Personal information
- Full name: Anthony John Wreford-Brown
- Born: 26 October 1912 Thames Ditton, Surrey, England
- Died: 22 September 1997 (aged 84) St Germans, Cornwall, England
- Batting: Right-handed
- Relations: Charles Wreford-Brown (father) Oswald Wreford-Brown (brother)

Domestic team information
- 1934: Sussex
- 1934: Oxford University

Career statistics
| Competition | First-class |
| Matches | 5 |
| Runs scored | 146 |
| Batting average | 16.22 |
| 100s/50s | –/– |
| Top score | 39 |
| Balls bowled | – |
| Wickets | – |
| Bowling average | – |
| 5 wickets in innings | – |
| 10 wickets in match | – |
| Best bowling | – |
| Catches/stumpings | 2/– |
- Source: Cricinfo, 22 June 2012

= Anthony Wreford-Brown =

English cricketer

Anthony John Wreford-Brown (26 October 1912 - 22 September 1997) was an English cricketer. Wreford-Brown was a right-handed batsman. He was born at Thames Ditton, Surrey, and was educated at Charterhouse School.

Wreford-Brown made his first-class debut for HDG Leveson Gower's XI in 1933, making two appearances against Oxford University and Cambridge University at The Saffrons.
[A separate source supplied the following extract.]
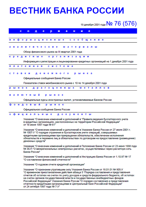 Вестник Банка России / Центральный банк Российской Федерации. — Москва : ПРАЙМ , 2001, N 76. — Москва : ПРАЙМ-ТАСС, 2001.

While studying at Worcester College, Oxford, he made two first-class appearances for the university in 1934, playing against Gloucestershire and Worcestershire, both at the University Parks. He also made a single first-class appearance in that same season for Sussex against Cambridge University at the County Ground, Hove. In total, he made five first-class appearances, scoring 146 runs at an average of 16.22, with a high score of 39.

He died at St Germans, Cornwall, on 22 September 1997. His father, Charles, played first-class cricket, as well as captaining England in association football. His uncle, Oswald, was also a first-class cricketer.